Why They Matter in Your Body
Four of these metals are essential to human life: sodium and potassium from Group 1, calcium and magnesium from Group 2. Sodium and potassium ions carry electrical signals through your nerves and muscles. The balance between them across cell membranes is what allows your heart to beat and your brain to send signals.
Calcium is the most abundant mineral in the human body, making up 1.5 to 2% of total body weight. Over 99% of it sits in your bones and teeth, providing structural strength. The tiny remainder circulates in your blood and cells, where it triggers muscle contraction and helps blood clot. Magnesium is the second most common positively charged ion inside your cells, after potassium. About 60 to 65% of your body’s magnesium is stored in bone, and it plays a role in hundreds of enzyme reactions, neuromuscular function, and heart rhythm. It also acts as a natural relaxant of blood vessel walls, helping regulate blood pressure.
Industrial and Everyday Uses
Lithium is the standout performer in modern industry. Its light weight and electrochemical properties make it the foundation of rechargeable batteries in phones, laptops, and electric vehicles. It’s also used in certain psychiatric medications and in lightweight alloys for aerospace. Sodium compounds are everywhere: baking soda, caustic soda for industrial cleaning, and sodium chloride for preserving food. Potassium is critical in fertilizers, supporting global agriculture.
On the Group 2 side, magnesium’s combination of low density and good strength makes it valuable in lightweight alloys for cars and aircraft. Calcium compounds include limestone, cement, and gypsum (used in drywall). Barium sulfate serves as a contrast agent for X-rays of the digestive tract, and strontium compounds appear in red fireworks and flares.
Storage and Safety
Because alkali metals react violently with both water and air, they require careful storage. The standard practice is to keep them submerged in mineral oil or another inert liquid inside airtight containers, often under an inert gas like argon. Lithium is a special case: it reacts with nitrogen gas, so nitrogen isn’t safe as a storage atmosphere for it. It can be stored under petroleum jelly or paraffin wax instead. Potassium is particularly hazardous because even under mineral oil, a yellow coating of potassium superoxide can form if oxygen is present, and this coating is impact-sensitive and potentially explosive.
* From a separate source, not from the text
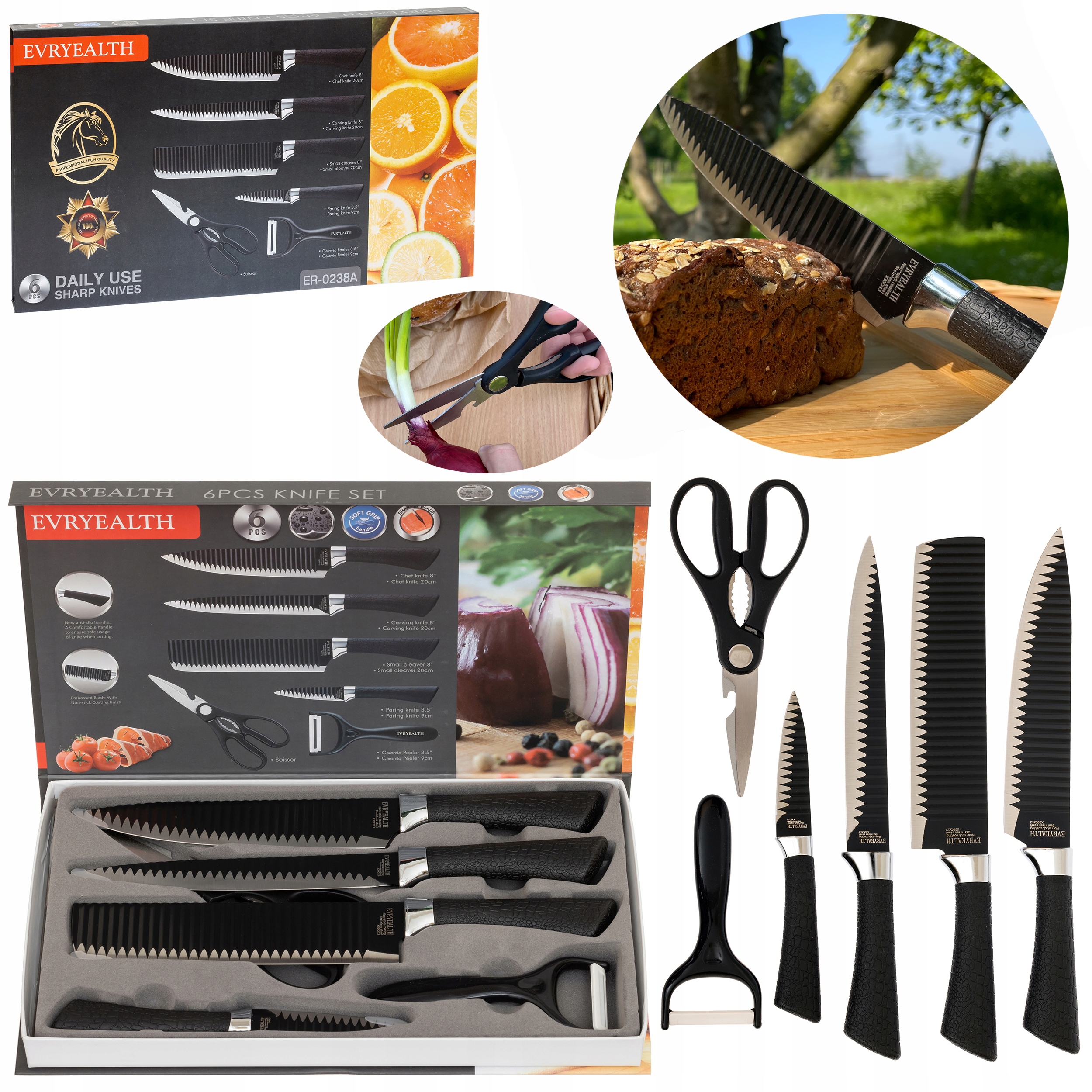 ✅Набор острых зубчатых кухонных ножей 6в1, ножницы, скребок

Alkaline earth metals are easier to handle. Magnesium and calcium can be stored in air for short periods, though magnesium ribbon will slowly oxidize. Magnesium fires are notoriously difficult to extinguish because the metal reacts with water, carbon dioxide, and nitrogen, meaning standard fire extinguishers can make things worse. Both groups require specialized Class D fire extinguishers designed for metal fires.